Flavonoids are one of the natural active components in mulberry (Morus alba L.) leaves, accounting for 1% ∼ 3% of the dry weight of mulberry leaves [11]. Studies have shown that total flavonoids of mulberry leaves have pharmacological effects, such as antioxidant, hypoglycemic, hypolipidemic, and antitumor [12]. Our previous study found that the hypoglycemic effect of mulberry leaf is related to the inhibition of α-glucosidase [13], the immune inflammation induced by TLRs signaling pathway, the regulation of insulin signaling pathway [14], and the regulation of brown fat metabolism [15]. However, more early researches paid more attention to the total mulberry leaf extract, and less research focused on the total flavonoids in mulberry leaves and the impact on the liver inflammation. To further enrich the pharmacological effects of total flavonoids from mulberry leaves, this study observed the effects of total flavonoids from mulberry leaves on blood glucose and liver inflammation in T2DM rats and preliminarily explored its anti-inflammatory mechanism based on TLR4-MyD88-NF-κB signaling pathway.

2. Materials and Methods

2.1. Preparation of Total MLF

The dried mulberry leaves were purchased from Beijing Bencao Fangyuan Pharmaceutical Group Co., Ltd. (20200630). Mulberry leaves were crushed by a pulverizer, sieved with 40 mesh sieve, and ultrasonically treated with 80% ethanol (output power 500 W, temperature 50°C, and ratio of material to liquid 1 : 25 g/ml) for 75 min. Anhydrous ethanol was added at a ratio of 1 : 8 g/mL, and precipitating with ethanol was carried out for 2 times, 12 hours each time. The supernatant was purified by AB-8 macroporous resin. The eluate was evaporated with a rotary evaporator until no ethanol smell was found, and freeze-drying method was used to obtain mulberry leaf total flavonoids. By the quantitative determination of our research group, the average content of mulberry leaf was 58.29%. UHPLC-Q Exactive MS technology results confirmed that various flavonoid components such as rutin, isoquercetin, and astragalin were present in the MLF of this experiment. The HPLC results confirmed that the contents of flavonoids rutin, isoquercetin, and astragalin in the extract (MLF) were 5.26 mg/g, 4.82 mg/g, and 2.63 mg/g.

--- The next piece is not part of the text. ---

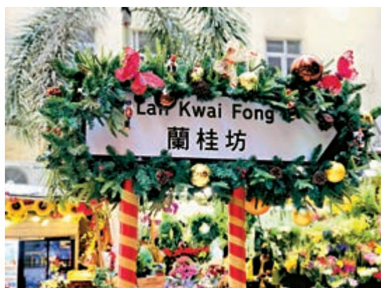
◀ 每逢聖誕節、除夕夜，蘭桂坊都是香港最熱鬧的地點之一。

2.2. Animals and Treatments

Forty male SPF SD rats, with weight of 180g∼200 g, were purchased from Beijing Sibeifu Biotechnology Co., Ltd., and the experimental animal production license number was SYXK (Jing) 2019-0010. The rats were raised in a specific pathogen-free animal laboratory affiliated to the Experimental Animal Center of Beijing University of Chinese Medicine, License no. SCXK (Jing) 2016-0038. The animal protocol in this study was reviewed and approved by the medical and experimental animal ethics committee of Beijing University of Chinese Medicine (no. BUCM-4-2020091504–3153).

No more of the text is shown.